If \(\nu \) has compact support, the natural domain for the parameter \(\theta \) of the two-sided CSK family \(\mathcal {K}(\nu )=\mathcal {K}_+(\nu )\cup \mathcal {K}_-(\nu )\cup \{\nu \}\) is \(\theta _-<\theta <\theta _+\).

We come now to the notions of variance and pseudo-variance functions. The variance function

$$\begin{aligned} m\mapsto \mathcal {V}_{\nu }(m)=\int (x-m)^2 Q_{(m,\nu )}(dx) \end{aligned}$$
(2.6)

is a fundamental concept in the theory of CSK families as presented in [5]. Unfortunately, if the measure \(\nu \) does not have a first moment which is, for example, the case for a free 1/2-stable law, then all probability measures in the CSK family generated by \(\nu \) have infinite variance. This fact has led Bryc and Hassairi [6] to introduce a notion of pseudo-variance function \(\mathbb {V}_{\nu }(\cdot )\) defined by

$$\begin{aligned} \mathbb {V}_{\nu }(m)=m\left( \frac{1}{\psi _{\nu }(m)}-m\right) . \end{aligned}$$
(2.7)

If \(m_0(\nu )=\int x d\nu \) is finite, then (see [6]) the pseudo-variance function is related to the variance function by

$$\begin{aligned} \mathbb {V}_{\nu }(m)=\frac{m}{m-m_0}\mathcal {V}_{\nu }(m). \end{aligned}$$
(2.8)

In particular, \(\mathbb {V}_{\nu }(.)=\mathcal {V}_{\nu }(.)\) when \(m_0(\nu )=0\).

The generating measure \(\nu \) is uniquely determined by the pseudo-variance function \(\mathbb {V}_{\nu }\). In fact, if we set

$$\begin{aligned} z=z(m)=m+\frac{\mathbb {V}_{\nu }(m)}{ m}, \end{aligned}$$
(2.9)

then the Cauchy transform satisfies

$$\begin{aligned} G_\nu (z)=\frac{m}{\mathbb {V}_{\nu }(m)}. \end{aligned}$$
(2.10)

We now recall the effect on a CSK family of applying an affine transformation to the generating probability measure. Consider the affine transformation \(\varphi :x\longmapsto (x-\epsilon )/\sigma \), where \(\sigma \ne 0\) and \(\epsilon \in \mathbb {R}\) and let \(\varphi (\nu )\) be the image of \(\nu \) by \(\varphi \). In other words, if X is a random variable with law \(\nu \), then \(\varphi (\nu )\) is the law of \((X-\epsilon )/\sigma \), or \(\varphi (\nu )=D_{1/\sigma }(\nu \boxplus \delta _{-\epsilon })\), where \(D_r(\mu )\) denotes the dilation of measure \(\mu \) by a number \(r\ne 0\), that is, \(D_r(\mu )(U)=\mu (U/r)\). The point \(m_0\) is transformed to \((m_0-\epsilon )/\sigma \). In particular, if \(\sigma <0\), the support of the measure \(\varphi (\nu )\) is bounded from below so that it generates the left-sided family \(\mathcal {K}_-(\varphi (\nu ))\). For m close enough to \((m_0-\epsilon )/\sigma \), the pseudo-variance function is

$$\begin{aligned} \mathbb {V}_{\varphi (\nu )}(m)=\frac{m}{\sigma (m\sigma +\epsilon )}\mathbb {V}_\nu (\sigma m+\epsilon ). \end{aligned}$$
(2.11)

In particular, if the variance function exists, then \(\mathcal {V}_{\varphi (\nu )}(m)=\frac{1}{\sigma ^2}\mathcal {V}_\nu (\sigma m+\epsilon ).\)

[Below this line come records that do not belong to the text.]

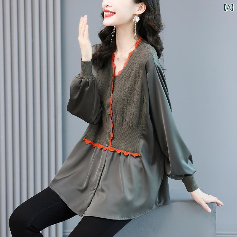 シャツ レディース 秋 ウール Vネック トップス レディース 豪華感 エレガント ブラウス スカンジナビア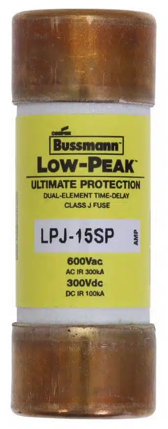 LPJ-15SP, Cooper Bussmann, Low-Peak, type LPJ, Class J low voltage fuse, non-indicating, 0.81″ diameter, 15A, 600Vac, 300Vdc, 300kA@600V AC, 100kA@300V DC, current limiting, dual element, time-delay, UL listed, CSA certified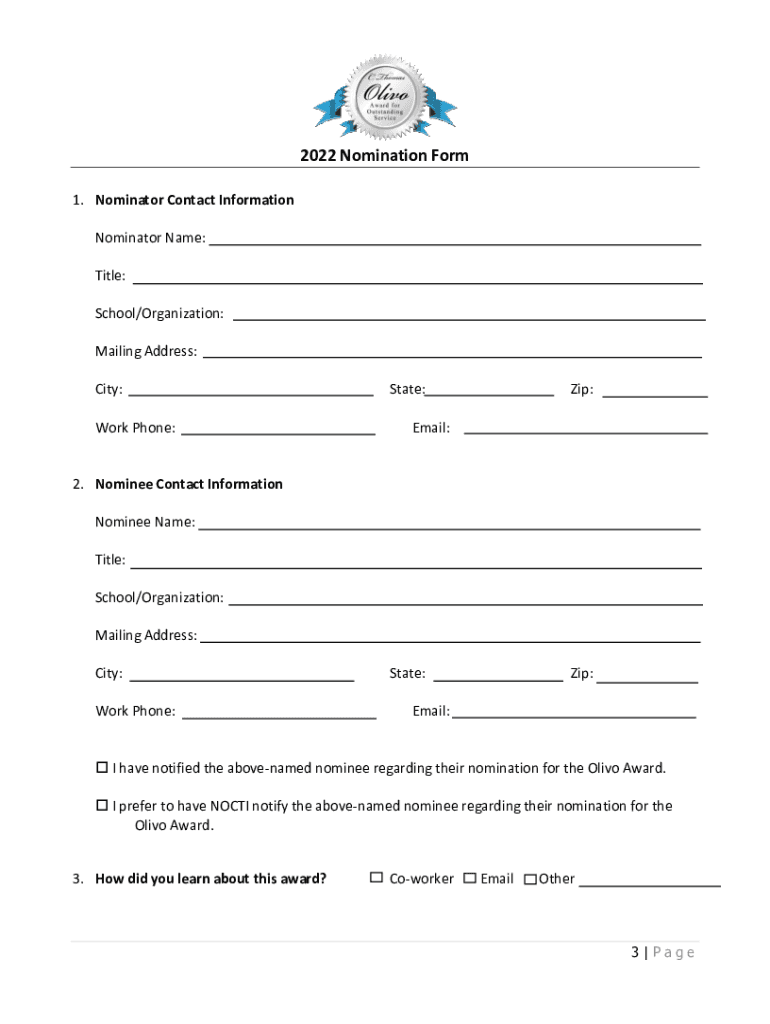 2022 Nomination Packet2022 Nomination Information The purpose of the C. Thomas Olive Outstanding Service Award is to recognize test coordinators, administrators, state/national policymakers, or CTE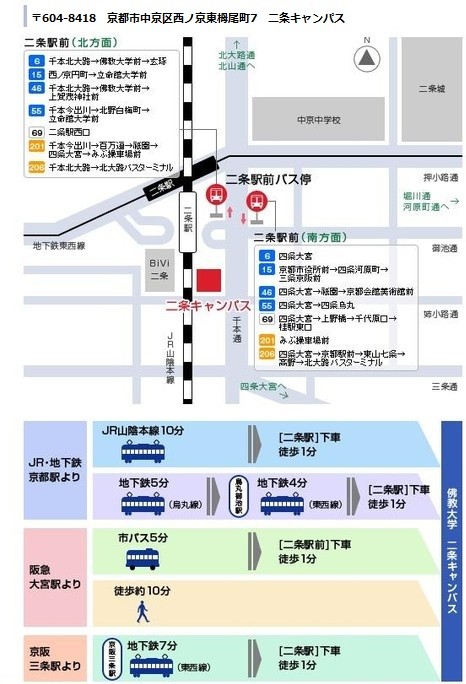 〒604-8418 京都市中京区西ノ京東栂尾町7 二条キャンパス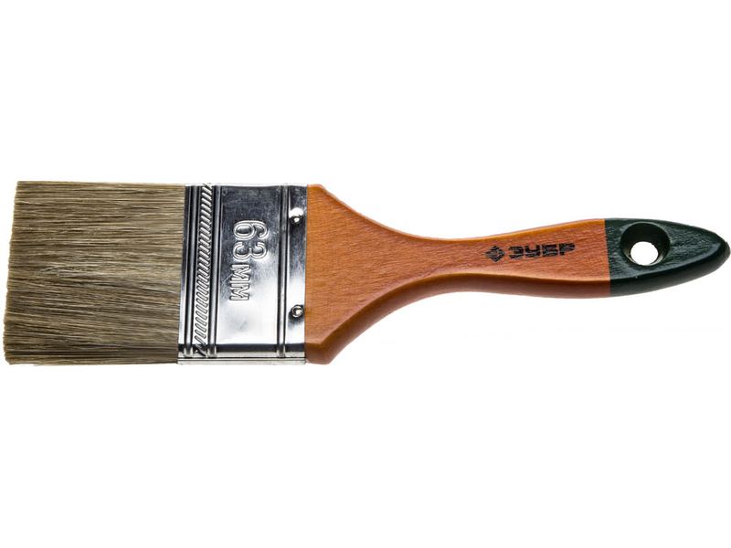 Строительно-отделочный arrow Кисть плоская с деревянной ручкой arrow Кисть плоская Зубр ЛАЗУРЬ-МАСТЕР, смешанная щетина, деревянная ручка, 63мм-271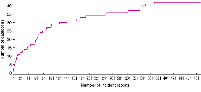 The process of category saturation and the rate at which the unique incident types were identified in the dataset are shown in Box 2. The shape of the curve indicates a rapid initial classification of different incident types, with half the total number of categories identified in the first 13.5% of the incidents. All 43 incident types were classified within 76.2% of the dataset.
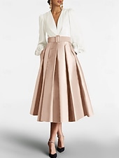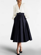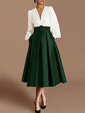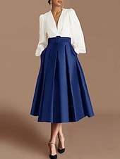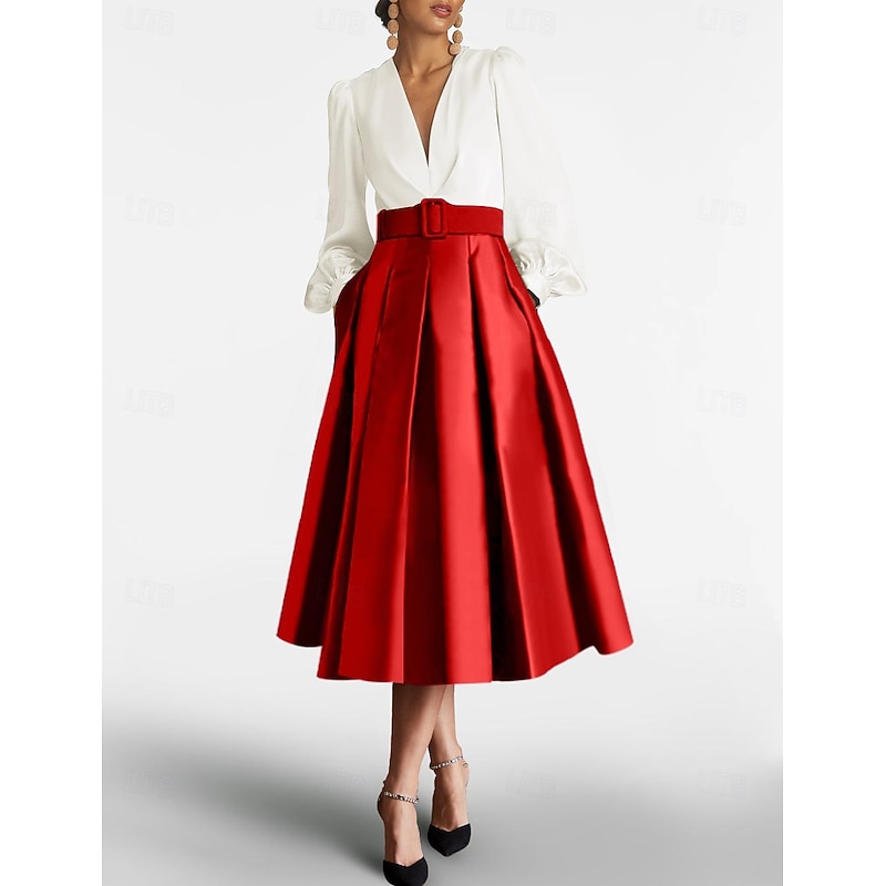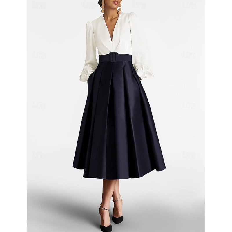 More information about Beach Wedding A-Line Cocktail Dresses Elegant Dress Formal Wedding Guest Tea Length Long Sleeve V Neck Satin with Ruched Dresses
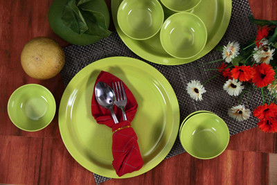 This plain green dinner set is quite a respite from those over the top dinnerware and enhances your crockery collection with its subtle appeal.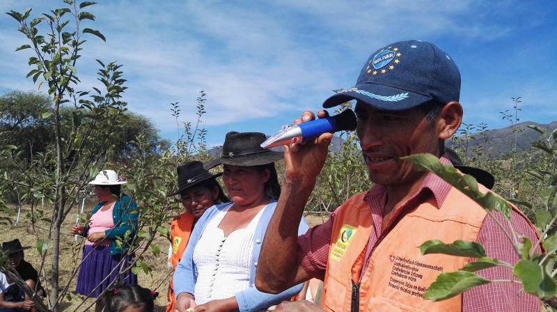 Pedro Rodas quien hace uso de un refractrómetro verifica, delante de los visitantes, que la manzana esté madura para poder cosecharla. Nos indica que si llega a 14 grados quiere decir que está lista para su cosecha. Como lo menciona Pedro, este año cada planta produjó 40 kilos, lo que significa 2 arrobas por árbol y un logro de 142 arrobas de todos los árboles con los que cuenta. De ese total, vendió el 40% y eso le significó un ingreso neto de Bs. 5.300. Ha recibido el apoyo de la Alcaldía para poder llevar las manzanas al mercado local y venderlas, agrega. El resto se quedó para el consumo de su familia y también hizo trueque para obtener otros productos.
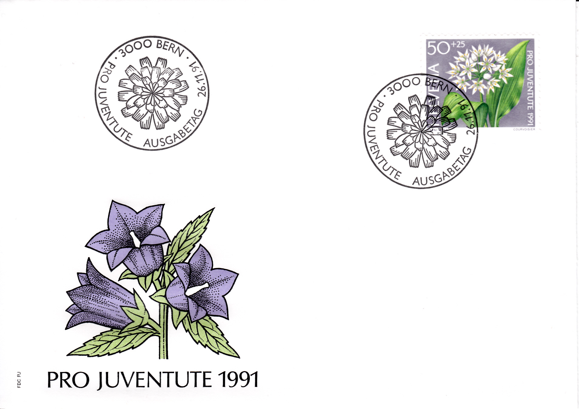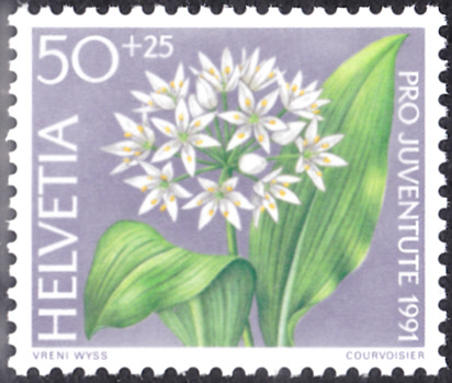 Auf einer Marke aus der Schweizer Serie "Pro Juventute" 1991 sehen wir blühenden Bärlauch (Allium ursinum).

2.2 Free additive convolution

Denote by \(\mathcal {M}\) (respectively by \(\mathcal {M}_+\)) the set of Borel probability measures on \(\mathbb {R}\) (respectively on \(\mathbb {R}_+\)). For \(\nu \in \mathcal {M}\), the free cumulant transform \(\mathcal {R}_{\nu }\) is a function analytic in a neighborhood of zero (see [3]) and it is defined by

$$\begin{aligned} \frac{1}{G_{\nu }(z)}=z-\mathcal {R}_{\nu }(G_{\nu }(z)). \end{aligned}$$
(2.12)

The free additive convolution of the probability measures \(\mu \), \(\nu \in \mathcal {M}\) is a uniquely defined probability measure \(\mu \boxplus \nu \) such that

$$\begin{aligned} {\mathcal {R}}_{\mu \boxplus \nu }(z)={\mathcal {R}}_{\mu }(z)+{\mathcal {R}}_{\nu }(z). \end{aligned}$$
(2.13)

A probability measure \(\nu \in \mathcal {M}\) is \(\boxplus \)-infinitely divisible, if for each \(n\in \mathbb {N}\), there exists \(\nu _n\in \mathcal {M}\) such that

$$\begin{aligned} \nu =\underbrace{\nu _n \boxplus \cdots \boxplus \nu _n}_{ n \ \textrm{times}}. \end{aligned}$$

Let \(\nu ^{\boxplus t}\) denote the t-fold free additive convolution of \(\nu \) with itself. In contrast to classical convolution, this operation is well-defined for all real \(t \ge 1\) (see [19]), and we have

$$\begin{aligned} {\mathcal {R}}_{\nu ^{\boxplus t}}(z)=t{\mathcal {R}}_\nu (z). \end{aligned}$$
(2.14)

The probability measure \(\nu \) is \(\boxplus \)-infinitely divisible if its free additive convolution power \(\nu ^{\boxplus t}\) is well-defined for all real \(t > 0\).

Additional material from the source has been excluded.